Hey everyone! I'm in the process of moving a large environment from on-premises to Azure, and I've been doing delta syncs with rsync every few days to prepare for the cutover. I'm currently dealing with a pretty rough situation—22 million files totaling about 5TB. Unfortunately, these delta syncs are taking over 3 days to complete, which seems excessive. I've tried tweaking various settings like nconnect and not using atime, as well as several other professional suggestions I could think of. I'm running it on an Azure VM with an on-premises Isilon share and an Azure NFS share mounted. Splitting the directories for multi-threading hasn't helped much since they're quite nested and unbalanced in file counts. I'm looking for any suggestions or maybe some hacky solutions to speed this up. I don't have limitations on bandwidth or VM resources. It just takes an enormous amount of time to compare the metadata of these 22 million files. Any ideas?
6 Answers
If you're open to alternatives, rclone might work better for you. You can use 'parallel' to run multiple instances of rclone to speed things up significantly. Though gathering the file lists takes time, the actual transfer is pretty snappy with the right setup!
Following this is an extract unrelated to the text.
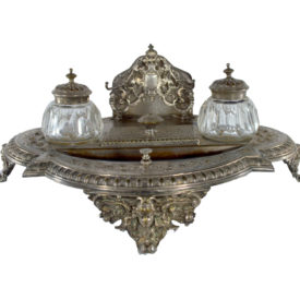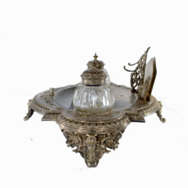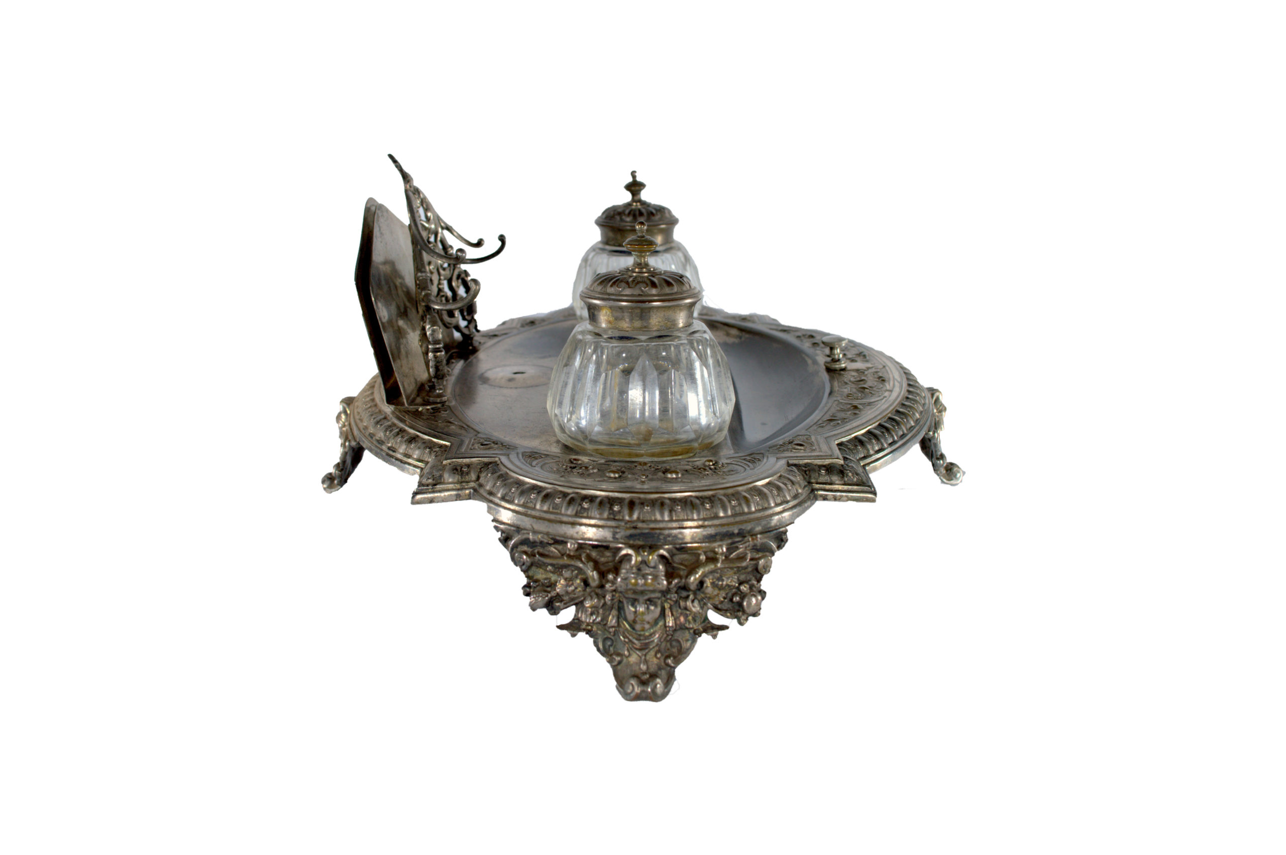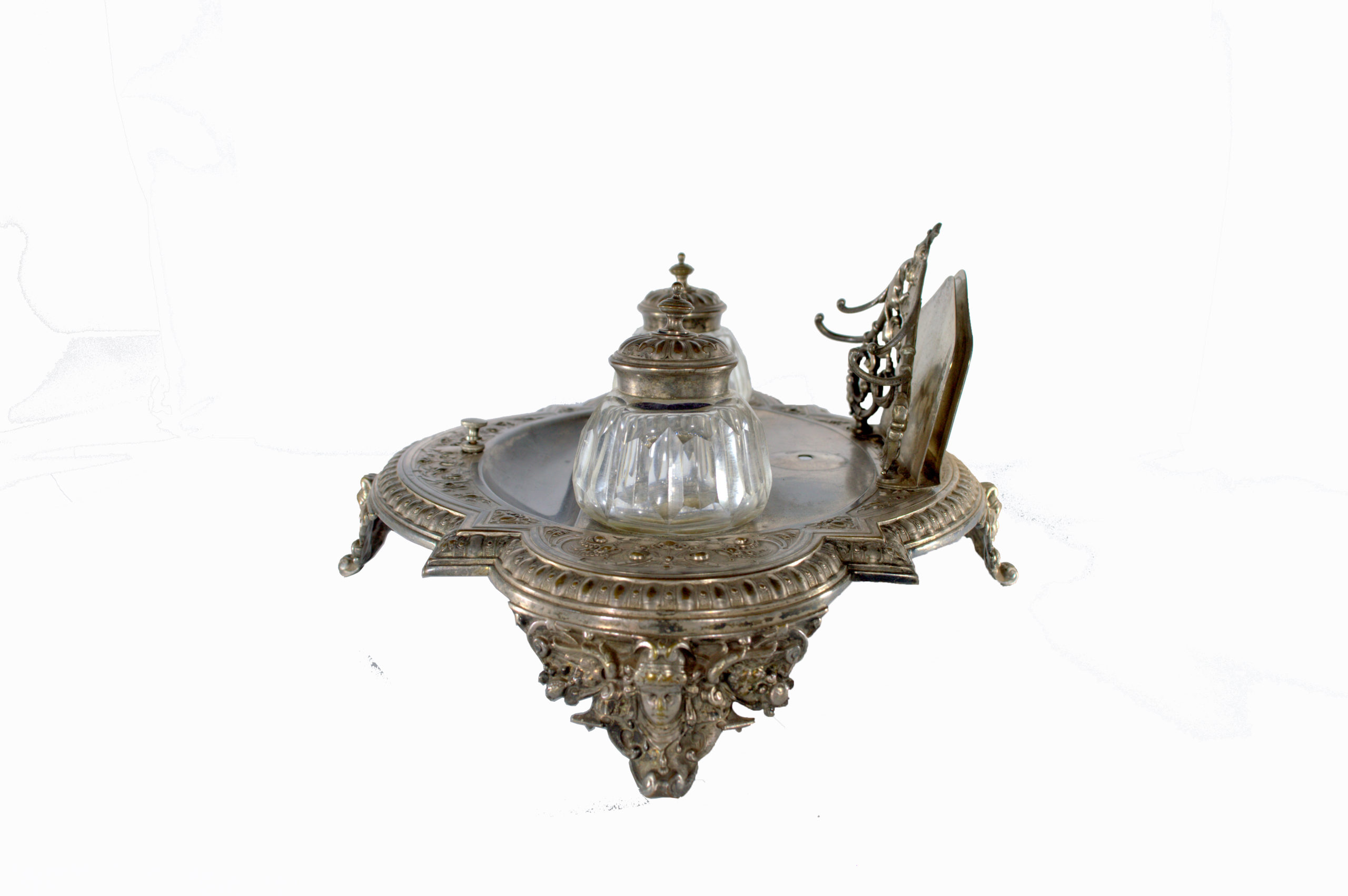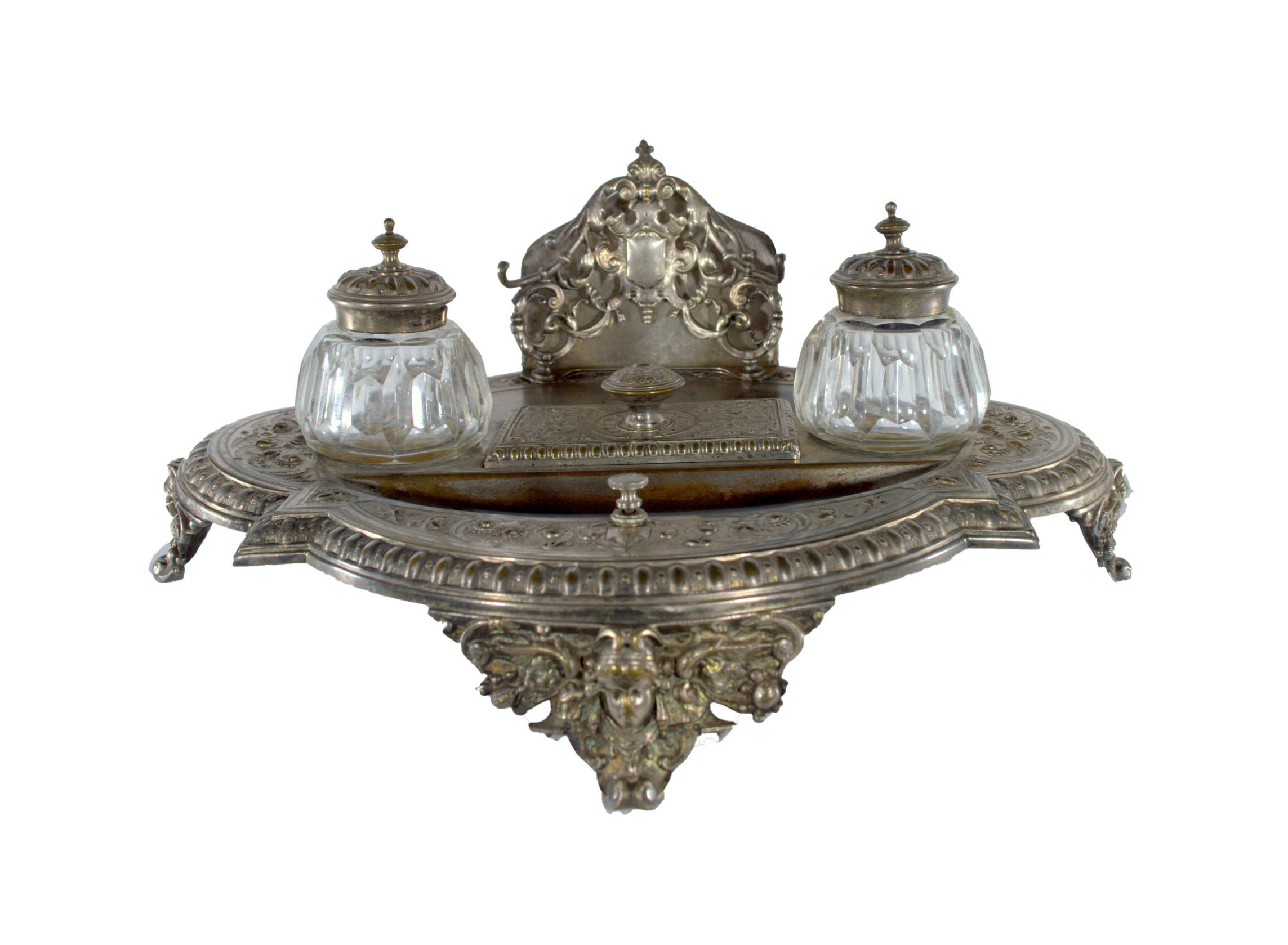 Peça de metal fundido cinzelado prateado de forma oval, com quatro pés, que tem a forma de cartela, com voluta, roseta e uma figura humana ao centro adornada por um capacete. A bandeja que serve de suporte é composta por dois recipientes de tinta de cristal com tampa de prata, ao centro um mata-borrão e um suporte para papéis. Toda a extensão é adornada com detalhes de volutas, fitomorfos e perolados, estrias, o suporte é adornado por uma cartela com volutas, em uma das extremidades da base existe um pequeno detalhe circular que aciona uma sineta localizada na parte de baixo; na outra extremidade existe um orifício com uma marca circular ao seu redor. A peça é compota por 8 peças, que forma uma única peça.

Rsync can be pretty sluggish for large file transfers, especially from network shares like NFS. Have you considered using azcopy instead? It's specifically designed for cloud transfers and might serve you better.
If preserving file permissions isn't crucial, Resilio Sync could be a good alternative. After the initial hash is calculated, it monitors for changes and only transfers new data, which saves a ton of time. It uses a bit torrent protocol to manage this efficiently.
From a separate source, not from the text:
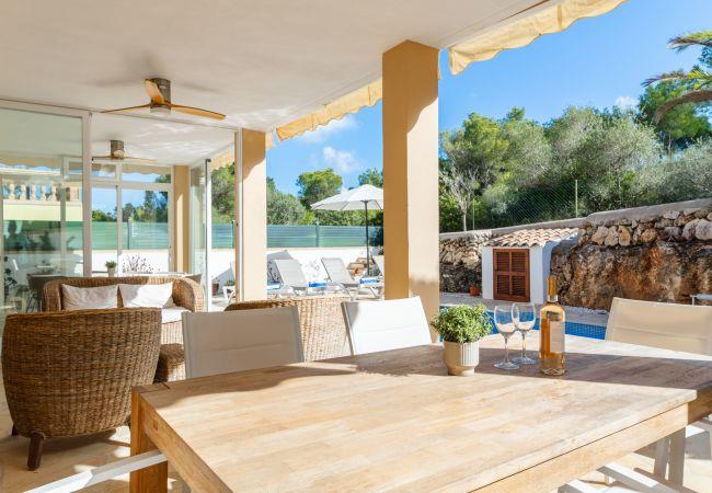 The holiday resort of Cala Murada itself is characterised by its fine sandy, gently sloping beach, which is particularly family-friendly. This is located just around a 10-minute walk from the villa and is thus quickly accessible. Small restaurants, cafés and shopping opportunities are also located nearby, as are the picturesque bays in the surrounding area, including Cala Domingos or Cala Antena. For excursions, the charming harbour towns of Portocolom and Porto Cristo are recommended, which inspire with Mediterranean flair, promenades and diverse restaurants. Thus, this holiday home combines tranquillity and relaxation with an ideal location for varied holiday days.

If the initial copy of 5TB is all that matters right now, consider creating a compressed archive for seeding, unpack it in the cloud, and then just run rsync for any delta updates. If you need to do the transfer directly, I suggest using tar for the initial copy: `(cd /src/dir && tar cf - .) | (cd /dst/dir && tar xvf -)`. You could use SSH or add mbuffer to enhance the transfer speed.
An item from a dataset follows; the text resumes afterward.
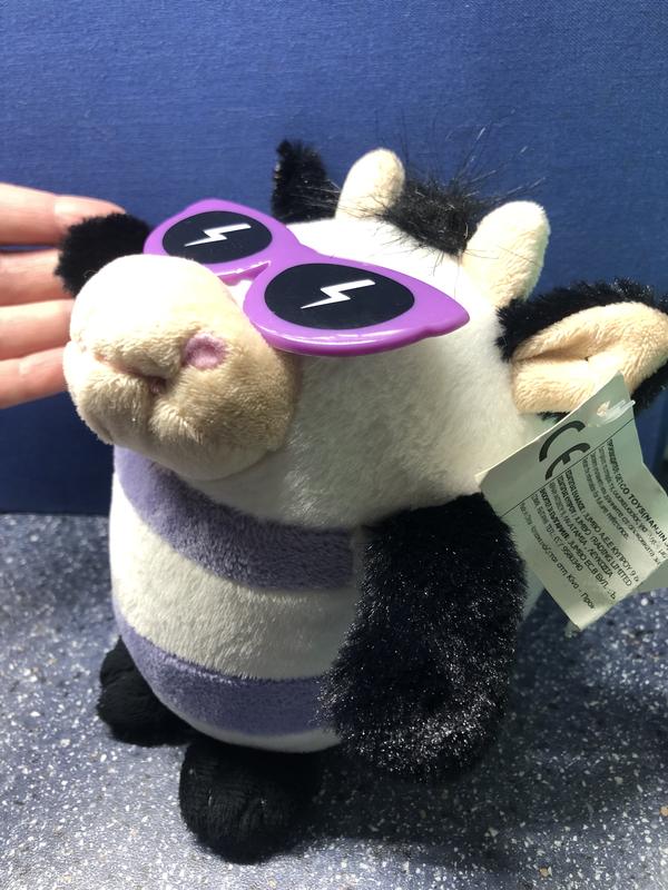 Игрушка-талисман! Редкий, креативный новый БЫЧЁК, привезён из Греции - ценник в евро специально подорван: планировался на подарок, но не случилось, ( стоил 15 евро)-цена снижена! Подойдёт для любого возраста: от года и до ста, т. к выглядит универсальным! Славный малый! Крутой! С чубчиком! Заставит улыбнуться! Белоснежная основа материала; сделан очень качественно, ( европейский контроль качества и безопасности!). ( Очки надёжно прикреплены, выполнены из прочного пластика-на нём еле уловимые микроцарапинки, это-если придираться). Овальной формы; высота 19, ширина 13/17. Прекрасный подарок: не трётся-не мнётся-не бьётся! Всем оригинальных, креативных подарков, или пополнений коллекций! ( Наложка есть, с предоплатой). НА ЗАМЕТКУ: наряду с пластмассовыми и металлическими «холодными» игрушками, мягкие и пушистые изделия помогают детям (и взрослым) развивать человечность, любовь к животным. Они также дарят чувство защищенности и тепла - часто, в момент грусти, мы крепко прижимаем к себе мягкую игрушку, рассказывая о своих переживаниях, тревогах...и она будет надёжно хранить наше сокровенное))

The main bottleneck with rsync is definitely its handling of metadata, especially with such a massive number of files. A simpler alternative could be using tar combined with mbuffer for maximum performance; however, that approach won't support updates to files. You might want to run something like this: `tar -cf - /data/folder | mbuffer -m 8G | tar -xf - -C /data/folder`. Make sure to track the speed using `pv` if you go this route. For updated files, you could use the `find` command to only copy files modified in the last week.
When I last checked, rsync works on a single thread by default. As soon as I switched to multi-threading, I was able to fully utilize my bandwidth. Perhaps give that a go!
I’ve actually completed the initial copies and I’m exploring nsync now. I thought nconnect might help with metadata handling, but it didn’t improve anything.